For purposes of determining the amount of the Gross-Up Payment, the Executive shall be
deemed to pay federal income tax at the highest marginal rate of federal income
taxation in the calendar year in which the Gross-Up Payment is to be made and state and
local income taxes at the highest marginal rate of taxation in the state and locality
of the Executive’s residence on the Date of Termination (or if there is no Date of
Termination, then the date on which the Gross-Up Payment is calculated for purposes of
this Section 8(b)), net of the maximum reduction in federal income taxes which could be
obtained from deduction of such state and local taxes.
	 
	 	(c)	 	In the event that the Excise Tax is finally determined to be less than the
amount taken into account hereunder in calculating the Gross-Up Payment, the Executive
shall repay to the Company, within five (5) business days following the time that the
amount of such reduction in the Excise Tax is finally determined, the portion of the
Gross-Up Payment attributable to such reduction (plus that portion of the Gross-Up
Payment attributable to the Excise Tax and federal, state and local income and
employment taxes imposed on the Gross-Up Payment being repaid by the Executive), to the
extent that such repayment results in a reduction in the Excise Tax and a
dollar-for-dollar reduction in the Executive’s taxable income and wages for purposes of
federal, state and local income and employment taxes,

13

 

	 	 	 	plus interest on the amount of such repayment at 120% of the rate provided in
Section 1274(b)(2)(B) of the Code.

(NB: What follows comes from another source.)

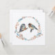 A obra de arte original deste impressão é uma pintura a lápis aquarela e colorida de um adorável casal de pássaros azuis orientais cercado por uma coroa floral. Trabalho de arte da artista de Michigan Jennifer Steffen.
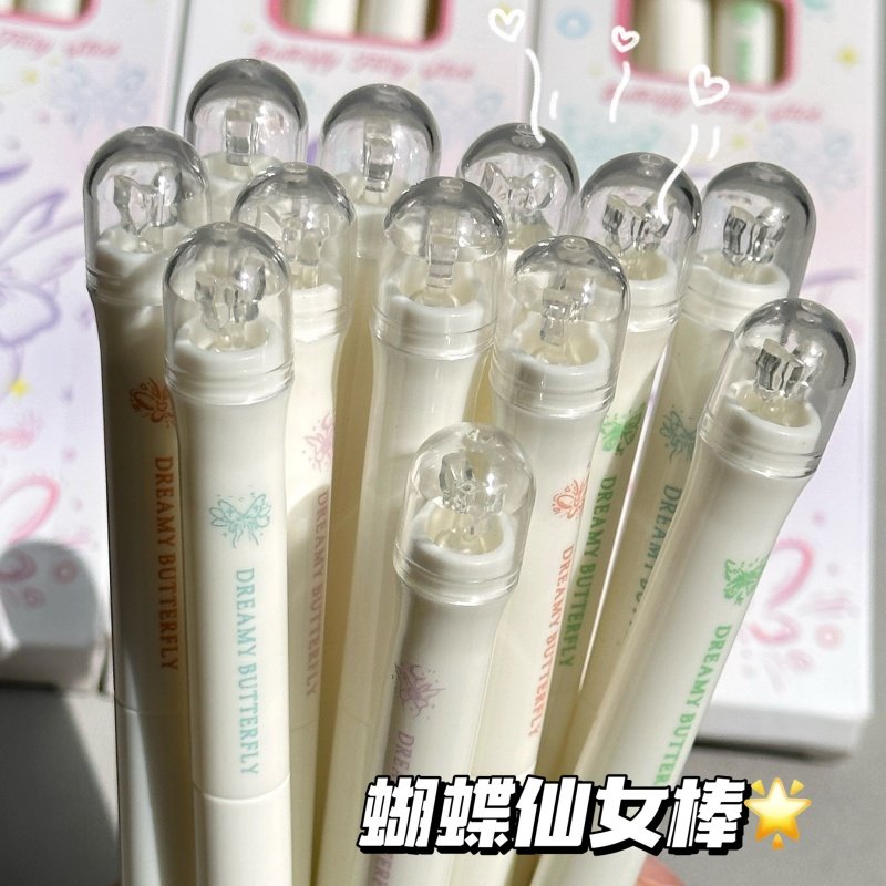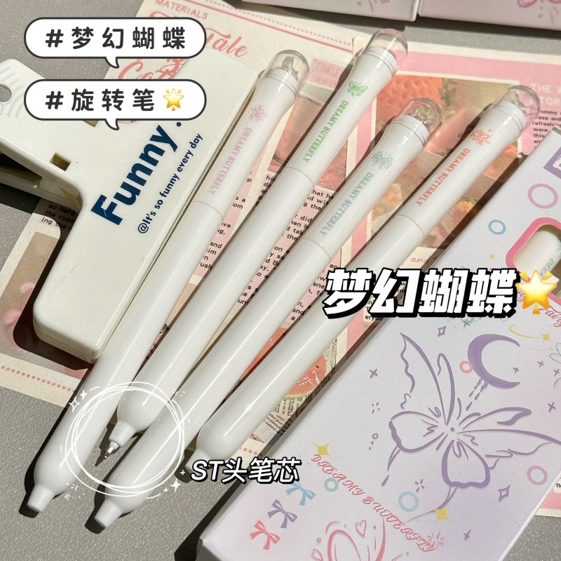 原创蝴蝶仙女棒旋转出芯中性笔高颜值ins风学生考试0.5黑色刷题笔

In the event that the Excise Tax is determined
to exceed the amount taken into account hereunder in calculating the Gross-Up
Payment (including by reason of any payment the existence or amount of which cannot
be determined at the time of the Gross-Up Payment), the Company shall make an
additional Gross-Up Payment in respect of such excess (plus any interest, penalties
or additions payable by the Executive with respect to such excess) within five (5)
business days following the time that the amount of such excess is finally
determined. The Executive and the Company shall each reasonably cooperate with the
other in connection with any administrative or judicial proceedings concerning the
existence or amount of liability for Excise Tax with respect to the Total Payments.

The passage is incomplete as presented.